話題：Time > God > Love
角色：Homer(荷馬·辛普森) > Marge(美枝·辛普森)

文字雲分析

整季(第31季)總體文字雲

text_tidy %>% 
  group_by(word) %>% 
  summarise(count = n()) %>% 
  filter(count > 15) %>% 
  arrange(desc(count)) %>% 
  wordcloud2( size = 0.7, shape = 'circle')

區分正、負面情緒的文字雲(採用Bing字典)

text_tidy  %>%
  inner_join(get_sentiments("bing")) %>%
  count(word, sentiment, sort = TRUE) %>%
  acast(word ~ sentiment, value.var = "n", fill = 0) %>%
  comparison.cloud(colors = c("gray20", "gray80"),
                   max.words = 100)

以整季來看，正面詞彙字頻較大
Time的話題消失了
形容詞較多

特別集數(第10集)的文字雲

計算每集的正負性差距，找出差距最大的一集再畫出文字雲

text_tidy_neg_pos <- text_tidy %>%
  inner_join(get_sentiments("bing")) %>% 
  group_by(episode,sentiment) %>%
  summarise(count=sum(episode))
text_tidy_neg <- subset( text_tidy_neg_pos, sentiment == "negative")
text_tidy_pos <- subset( text_tidy_neg_pos, sentiment == "positive")

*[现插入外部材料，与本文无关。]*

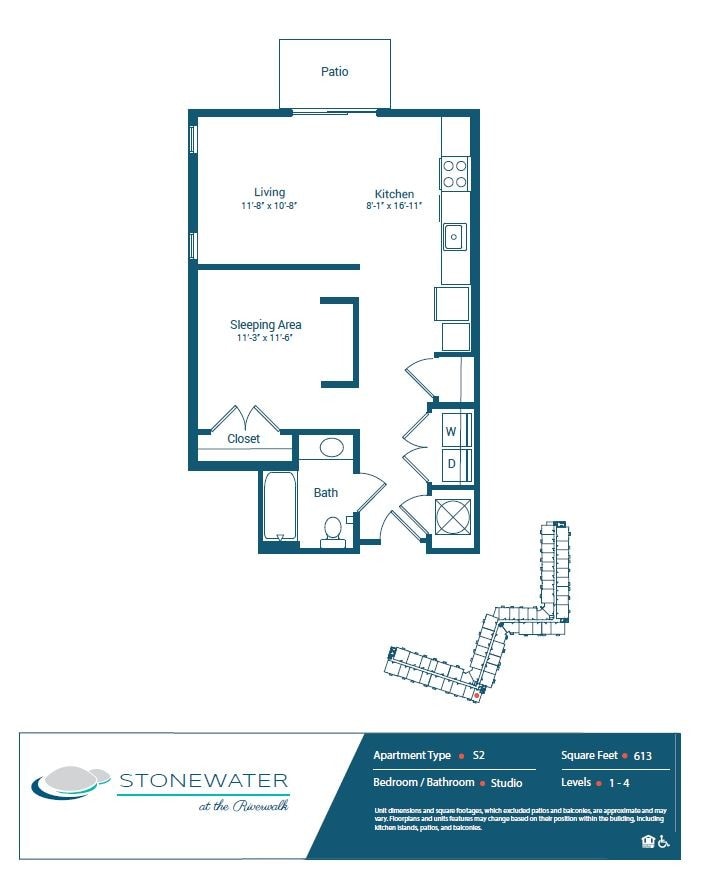 Stonewater at Riverwalk features open and spacious floor plans and unrivaled amenities, featuring Fire Pits, Lounge Areas, Grilling Station and Saltwater Pool w/ Large Wet Deck, Coffee Lounge, Conference Room, Fireplace Lounge, Pet Spa, Community Demonstration Kitchen, Bike Repair & Storage, Gaming & Maker's Space, 24-Hour Fitness Center w/ Fitness onDemand® , and guest suite. Spacious floor plans include studio, one and two-bedroom homes, featuring Granite Kitchen Countertops, Cultured Marble Vanity Tops w/ Integral Sinks Tile Backslashes in Kitchen Stainless Steel Appliances, Washer & Dryer Included, Under-mount Faucets and Sinks, LED Lighting in Entries, Kitchen, Bathrooms and Closets.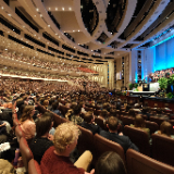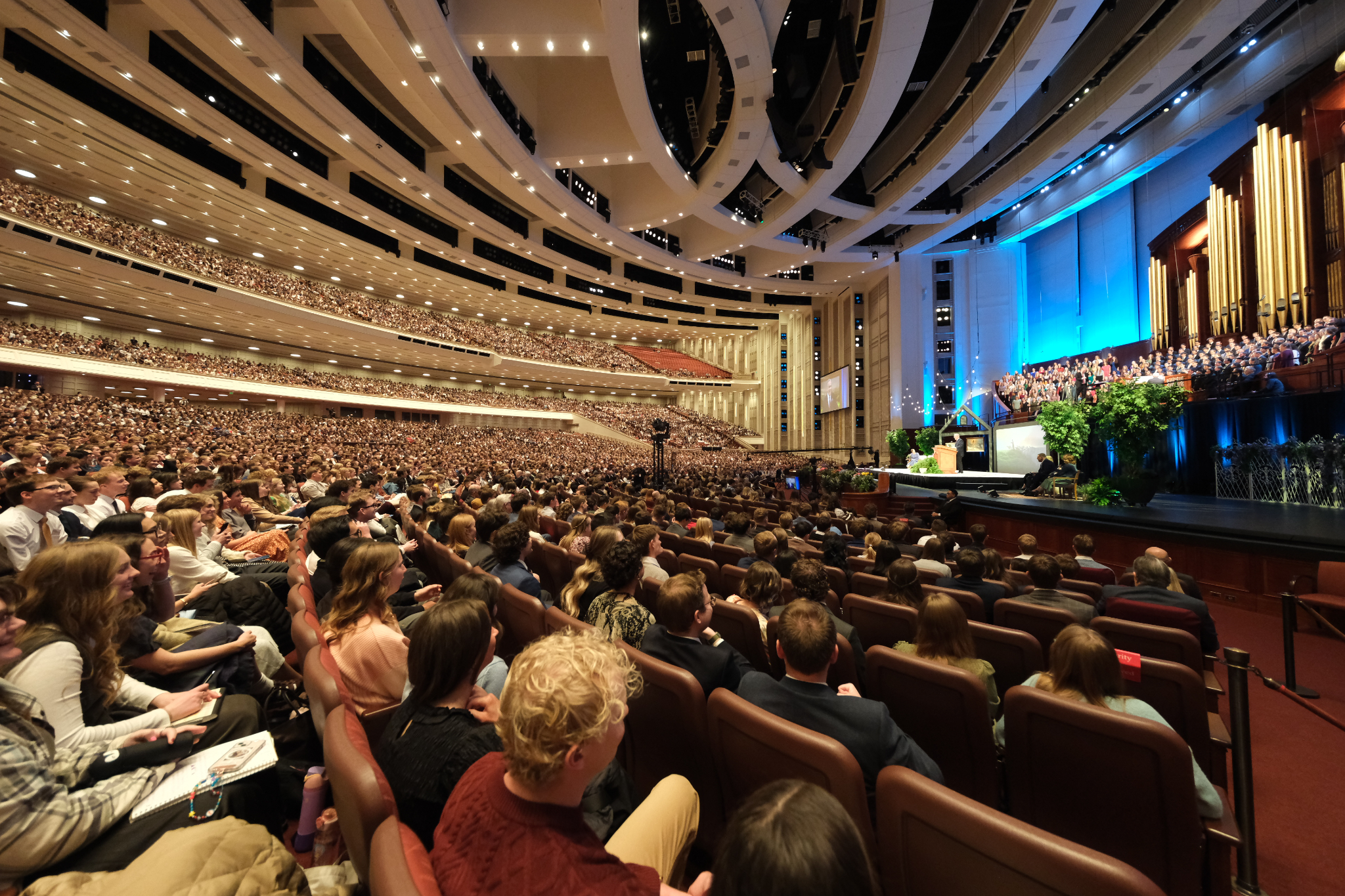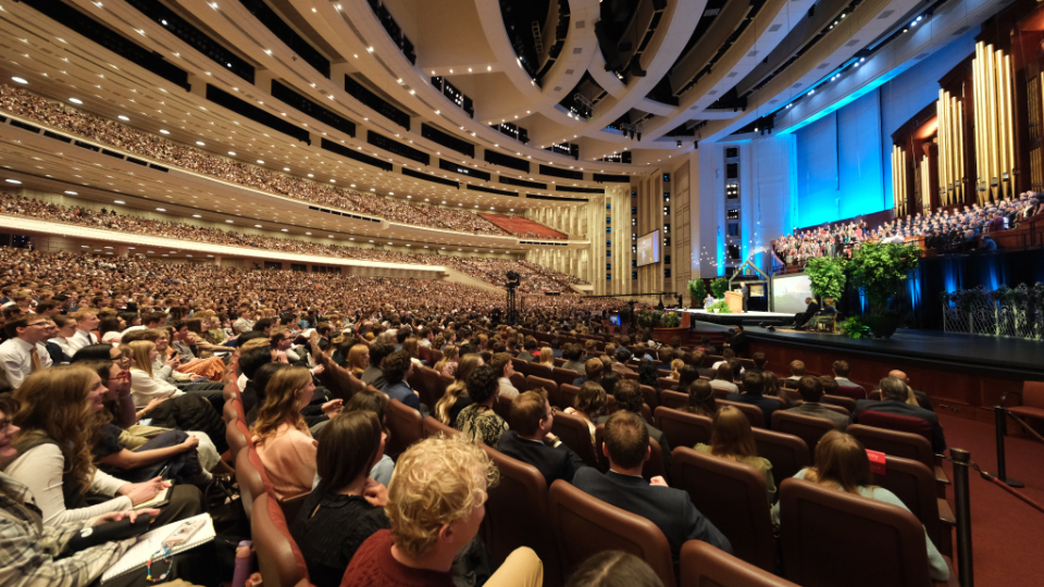 For the live broadcast, nearly 17,000 young adults from throughout Utah gathered in the Conference Center in Salt Lake City, a setting which Elder Kearon described as “cozy in the most gargantuan and enormous sort of way.”

text_tidy_max <- which.max(abs( text_tidy_neg$count - text_tidy_pos$count)) # 第十集差距最大

subset( text_tidy ,episode ==  text_tidy_max)  %>%
  inner_join(get_sentiments("bing")) %>%
  count(word, sentiment, sort = TRUE) %>%
  acast(word ~ sentiment, value.var = "n", fill = 0) %>%
  comparison.cloud(colors = c("gray20", "gray80"),
                   max.words = 100)

第十集的負面詞字頻較整季來得大
第十集特別的負面話題為：Shark, burns, steal
第十集特別的正面話題為：hug, fantastice, smile

情緒分析

四個情緒字典介紹

NRC (10 Category)
- 34% (+): joy, positive, surprise, trust
- 66% (-): anger, anticipation, disgust, fear, negative, sadness
Afinn (Numeric: -5~+5, mean: -0.6)
Bing (2 Category: 30% Positive, 70% Negative)
Loughran (6 Category)
- (+): positive
- (-): constraining(被迫/限制), litigious(好爭論的), negative, superfluous(多餘的), uncertainty

NRC字典

準備資料

nrc <- get_sentiments("nrc")

simlist <- text_tidy %>%
  filter(nchar(.$word)>1) %>%
  mutate(rown = row_number())


simnrc<-simlist %>%
  inner_join(nrc, by = "word") 

tt_neg<-filter(simnrc,sentiment == 'negative'| sentiment== 'anger'| sentiment== 'disgust'| sentiment == 'fear'| sentiment == 'sadness')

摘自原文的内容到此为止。